(WHAT IS REQUIRED): Since the records include pictures, leave those out while you reproduce exactly and only the lines from the one containing "Honor 600 Lite" through the one containing "Sencor SMW 5220", inclusive.

--- RECORDS TO PROCESS Enclosed Below ---

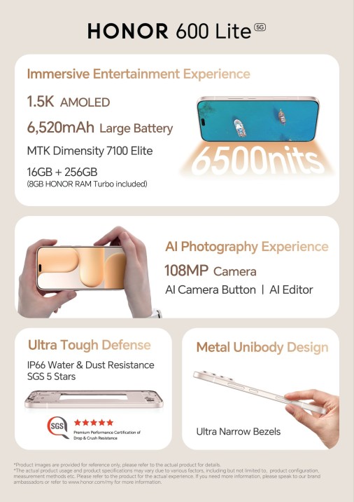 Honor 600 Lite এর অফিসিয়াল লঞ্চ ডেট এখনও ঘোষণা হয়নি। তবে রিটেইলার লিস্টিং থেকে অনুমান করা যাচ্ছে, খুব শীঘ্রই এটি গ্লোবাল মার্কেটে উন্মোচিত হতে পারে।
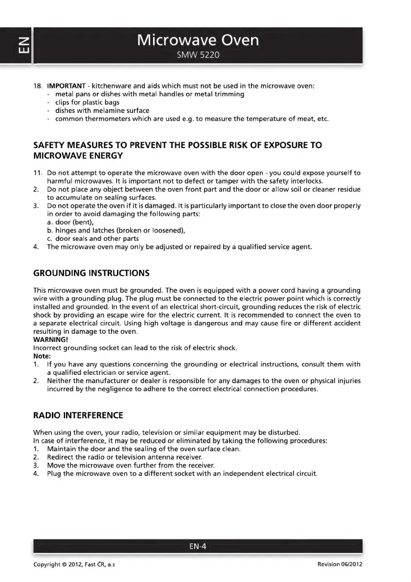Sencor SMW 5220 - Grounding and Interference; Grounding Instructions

--- End of Enclosed RECORDS TO PROCESS ---
--- RECORDS TO PROCESS Enclosed Below ---

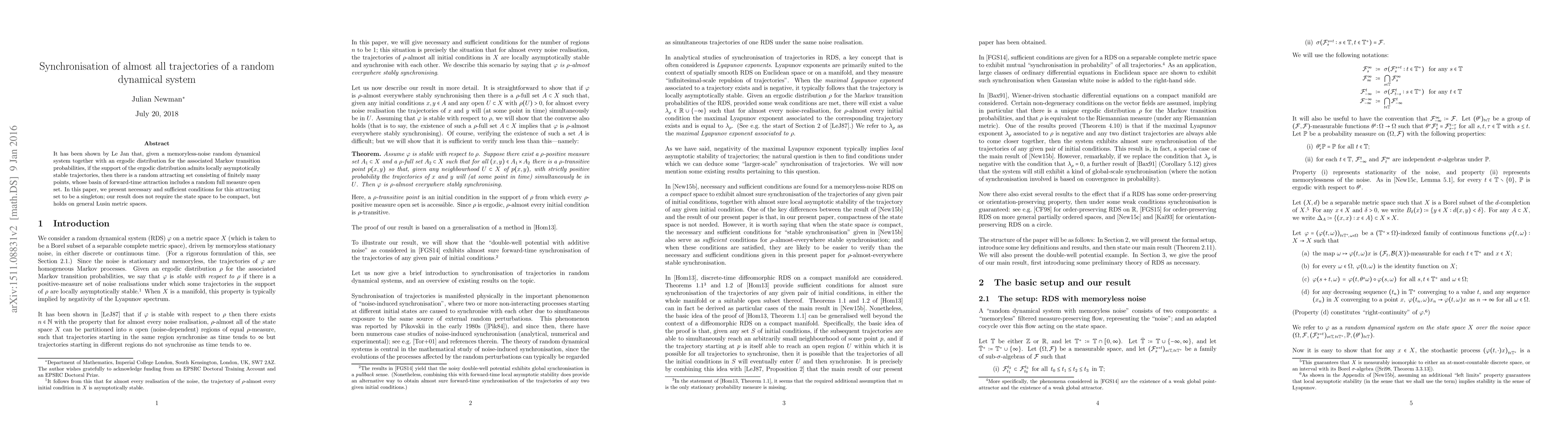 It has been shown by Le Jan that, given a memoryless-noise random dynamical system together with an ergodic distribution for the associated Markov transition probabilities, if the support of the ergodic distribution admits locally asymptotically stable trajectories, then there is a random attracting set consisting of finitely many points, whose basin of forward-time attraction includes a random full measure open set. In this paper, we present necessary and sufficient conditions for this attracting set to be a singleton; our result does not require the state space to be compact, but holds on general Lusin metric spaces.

--- End of Enclosed RECORDS TO PROCESS ---

(OUTPUT OF THE TASK):
 Honor 600 Lite এর অফিসিয়াল লঞ্চ ডেট এখনও ঘোষণা হয়নি। তবে রিটেইলার লিস্টিং থেকে অনুমান করা যাচ্ছে, খুব শীঘ্রই এটি গ্লোবাল মার্কেটে উন্মোচিত হতে পারে।
Sencor SMW 5220 - Grounding and Interference; Grounding Instructions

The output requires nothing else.